A Gentle Intro to Topic Modeling

A gentle introduction to how we use Topic Modeling to analyze Twitter data.

A Gentle Intro to Topic Modeling

One method that we’re using to analyze Canada Reads data is by topic modeling our Twitter data (and eventually transcripts of Canada Reads, news articles about Canada Reads, and the books themselves) in order to identify common themes that emerge. 
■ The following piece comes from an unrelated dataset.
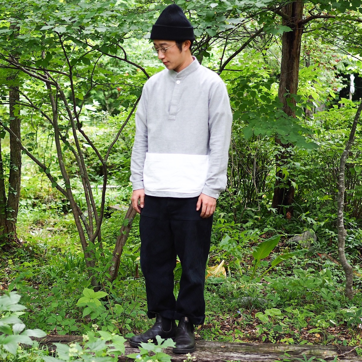 自身でデザインしたプルオーバーシャツを着る沖中さん。アウトドアの使用にも耐えられる丈夫さで、袖を通すたびに気分が高まるような一枚を身につけていたいと思ったのが、製作のキッカケだったそう。

Topic Modeling is a way of discover (or ‘articulating’ — this is up for debate) the latent ‘themes’ that constitute a collection of texts. Put (not so) simply, it’s a way of trying to understand the common topics or themes that can be identified in a collection of documents. If, for instance, we took all the articles in a newspaper for a year, took them out of their sections and placed them, out of order, into a topic modeling algorithm, we would expect that the algorithm would group articles from the same sections (Business, Sports, Arts, …) together. These would be the ‘topics’ that emerge from the collection of articles that constitute a newspaper over the span of the year. Topic modeling is, in this sense, a form of ‘distant reading’ — different from the notions of close reading we typically practice in literary studies: rather than trying to unpack the deep meaning of a small number of texts, distant reading attempts to identify broad patterns across a large number of texts. 

This image has an empty alt attribute; its file name is Screen-Shot-2020-02-12-at-3.39.05-PM-1024x653.png
(From David Blei, “Probabilistic Topic Models”, Communications of the ACM, 55.4 (2014))
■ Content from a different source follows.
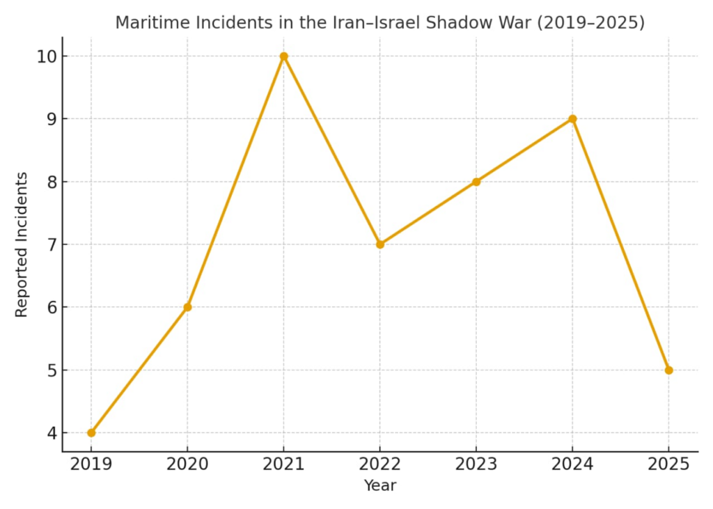 - Since 2019, Israel and Iran have engaged in a cycle of escalatory attacks against merchant shipping in the Gulf of Oman and Eastern Mediterranean.
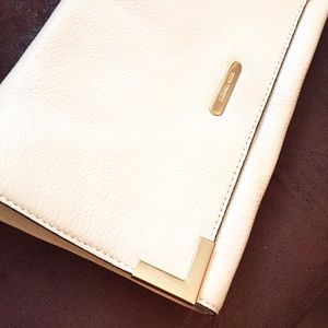 Pre-owned Michael Kors supple leather clutch handbag MK. Can be used with or without strap. Gold hardware & creme or ivory soft leather. Great condition. The hardware was scuffed on the left side so I took a closeup of it in pic 2

For a technical introduction to Topic Models see David Blei’s “Probabilistic Topic Models.”For a slightly more gentle introduction, see Paul Barrett’s article on the subject in Canadian Literature. Needless to say, topic modeling is controversial and not without its limits; part of our goal is to explore those limits and understand whether its actually a useful tool for analyzing public discussion in this way. 
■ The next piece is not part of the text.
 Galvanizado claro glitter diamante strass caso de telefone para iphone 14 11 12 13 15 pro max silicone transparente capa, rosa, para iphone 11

There are (at least) two controversial aspects of topic modeling. First, topic models are self-directed algorithms: we don’t tell the topic modeling algorithm what to look for: we give it the data, set a number of parameters, and then try to interpret the results. Second, one of the parameters that we set is the number of topics: choosing this number has a significant effect on the number of results that the algorithm will produce. So to use our newspaper example, if we choose number of topics = 1 our results would be so general that they couldn’t be meaningfully interpreted as anything other than ‘news’. On the other hand, if we chose topics = 100, they might be so specific that we can’t see the useful connections between topics. For a newspaper example, we might say that 20 – 30 topics is appropriate, but when we don’t really know the appropriate number (or even what we mean by ‘appropriate’), things can get more tricky.

Two quick examples:

This image has an empty alt attribute; its file name is Screen-Shot-2020-02-12-at-4.13.07-PM-1024x223.png
A 10-topic model of Twitter data
This image has an empty alt attribute; its file name is Screen-Shot-2020-02-12-at-4.13.30-PM-1024x394.png
A 25-topic model of Twitter data

Our goal, in generating in interpreting topic models, is to both try and understand what the themes are that animate Canadians’ conversations about Canada Reads and to see how our picture of that conversation changes when we alter the number of topics. We see this from these two examples.

In the 10-topic model we see that the topics generally group according to the authors and celebrities being discussed. There is a Mark Sakomoto topic, a Jully Black topic, etc. We also see a number of positive affect terms peppered throughout the topics: “amazing,” “discussed,” “favourite,” “hope”, “excited”, “love,” “happy,” “congratulations,” etc. As we’ve delved into our Twitter data we’ve noticed a great deal of positive feelings towards Canada Reads, Canadian literature, and the link between national identity and literary discourse more generally. We’re very interested in this apparent positivity and will be writing more on in it in the future.

In the 25-topic model we see a more complex picture of the discourse. An entire topic is dedicated to Jully Black’s defence of Cherie Dimaline’s The Marrow Thieves, signalled by terms like “defend,” “discuss” “Marrow Thieves,” “listening,” “defending,” “best,” and important. This is likely in response to the disagreement between Jeanne Beker and Jully Black during the 2018 broadcast. In subsequent posts we’ll delve into more details about the actual topic modeling data in order to indicate what it can tell us about what people are saying about Canadian literature online.